English country house

Baythorne Hall is a raised-aisle hall in Baythorne End, Essex. It has been a Grade I listed building since 1952.

== History ==
Baythorne Hall is an early example of a raised-aisle hall, of a type that is rare in Essex common in neighbouring Suffolk. It is one of three such buildings to have undergone dendrochronological dating (the others being Lodge Farm, Norfolk, and Wymondley Bury, Hertfordshire), and the oldest of the three, dated to 1341 or 1342. This would make the hall the work of Sir John de Walton, who held the manor at the time, and was also responsible for the construction of Tiptofts in nearby Wimbish.
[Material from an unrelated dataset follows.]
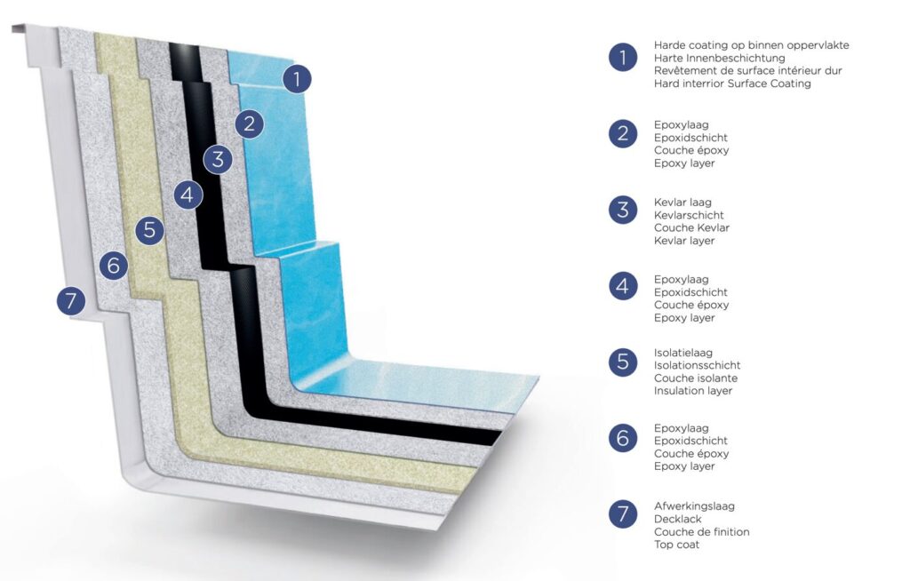 - Vinylester kuipen: Zwembaden gemaakt van full epoxy Vinylester worden vaak als één geheel geleverd en geïnstalleerd. Ze zijn duurzaam, snel te installeren en hebben een glad oppervlak dat minder gevoelig is voor algen. Ze zijn duurzaam, onverwoestbaar en ongevoelig voor osmose.

The original building consisted of a 2-bay hall, south-east facing, with two jettied crosswings. In the 16th century, a brick chimney was added to the building, and the hall was floored over. An extension was built to the rear of the building in the late 19th or early 20th century, and new windows were added at various times between the 18th and 20th centuries.

== Present day ==
Baythorne Hall has been described by Heritage England as being "exceptionally" well-preserved. Since the 1870s, the building has been in the private ownership of the Unwin family, who run a farm on the site.

One former farm building at Baythorne Hall today hosts a "rural independent business hub", hosting a number of local businesses including a bakery, Morgan’s butchery, wine shop, and café.